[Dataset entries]
####

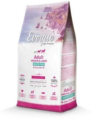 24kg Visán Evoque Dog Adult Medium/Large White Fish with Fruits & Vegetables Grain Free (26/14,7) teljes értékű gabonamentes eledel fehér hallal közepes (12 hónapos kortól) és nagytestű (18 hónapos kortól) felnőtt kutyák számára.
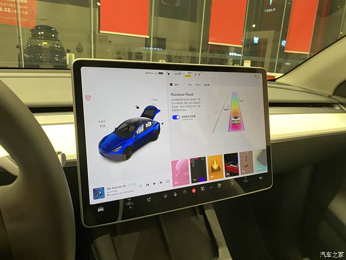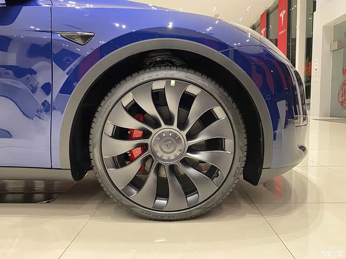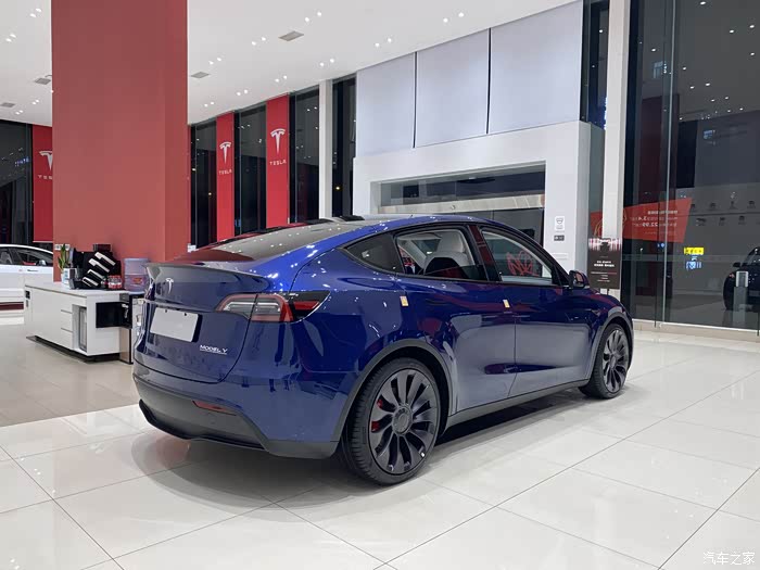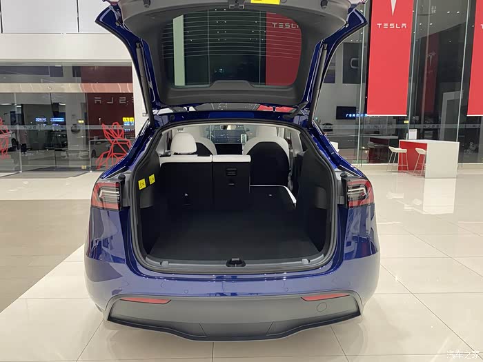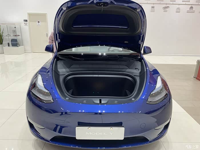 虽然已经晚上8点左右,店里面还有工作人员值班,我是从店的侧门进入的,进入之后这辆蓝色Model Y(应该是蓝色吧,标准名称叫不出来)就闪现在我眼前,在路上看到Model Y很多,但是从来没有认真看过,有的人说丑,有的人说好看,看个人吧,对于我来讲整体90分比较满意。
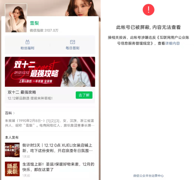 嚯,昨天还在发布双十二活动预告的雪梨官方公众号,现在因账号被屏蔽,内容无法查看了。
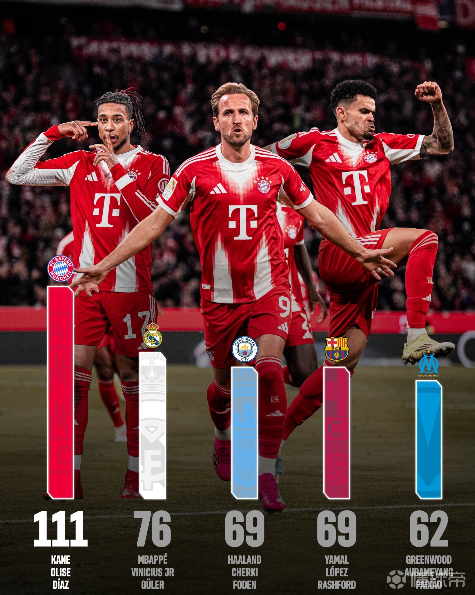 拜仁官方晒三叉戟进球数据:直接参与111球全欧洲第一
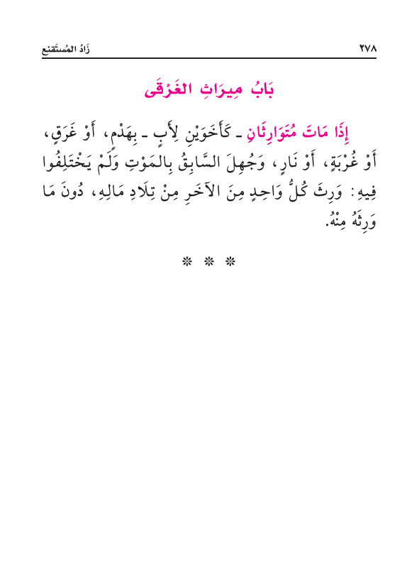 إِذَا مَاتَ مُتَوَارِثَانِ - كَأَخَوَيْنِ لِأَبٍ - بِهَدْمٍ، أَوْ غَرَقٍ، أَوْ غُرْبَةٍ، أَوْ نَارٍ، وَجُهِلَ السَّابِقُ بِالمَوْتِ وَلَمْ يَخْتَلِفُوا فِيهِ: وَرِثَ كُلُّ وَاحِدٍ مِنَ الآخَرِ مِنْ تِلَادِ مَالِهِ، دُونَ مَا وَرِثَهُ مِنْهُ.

####

- [WORK ITEM]: Send back every line above exactly, skipping all pictures.

- [RESPONSE AREA]:
 24kg Visán Evoque Dog Adult Medium/Large White Fish with Fruits & Vegetables Grain Free (26/14,7) teljes értékű gabonamentes eledel fehér hallal közepes (12 hónapos kortól) és nagytestű (18 hónapos kortól) felnőtt kutyák számára.
 虽然已经晚上8点左右,店里面还有工作人员值班,我是从店的侧门进入的,进入之后这辆蓝色Model Y(应该是蓝色吧,标准名称叫不出来)就闪现在我眼前,在路上看到Model Y很多,但是从来没有认真看过,有的人说丑,有的人说好看,看个人吧,对于我来讲整体90分比较满意。
 嚯,昨天还在发布双十二活动预告的雪梨官方公众号,现在因账号被屏蔽,内容无法查看了。
 拜仁官方晒三叉戟进球数据:直接参与111球全欧洲第一
 إِذَا مَاتَ مُتَوَارِثَانِ - كَأَخَوَيْنِ لِأَبٍ - بِهَدْمٍ، أَوْ غَرَقٍ، أَوْ غُرْبَةٍ، أَوْ نَارٍ، وَجُهِلَ السَّابِقُ بِالمَوْتِ وَلَمْ يَخْتَلِفُوا فِيهِ: وَرِثَ كُلُّ وَاحِدٍ مِنَ الآخَرِ مِنْ تِلَادِ مَالِهِ، دُونَ مَا وَرِثَهُ مِنْهُ.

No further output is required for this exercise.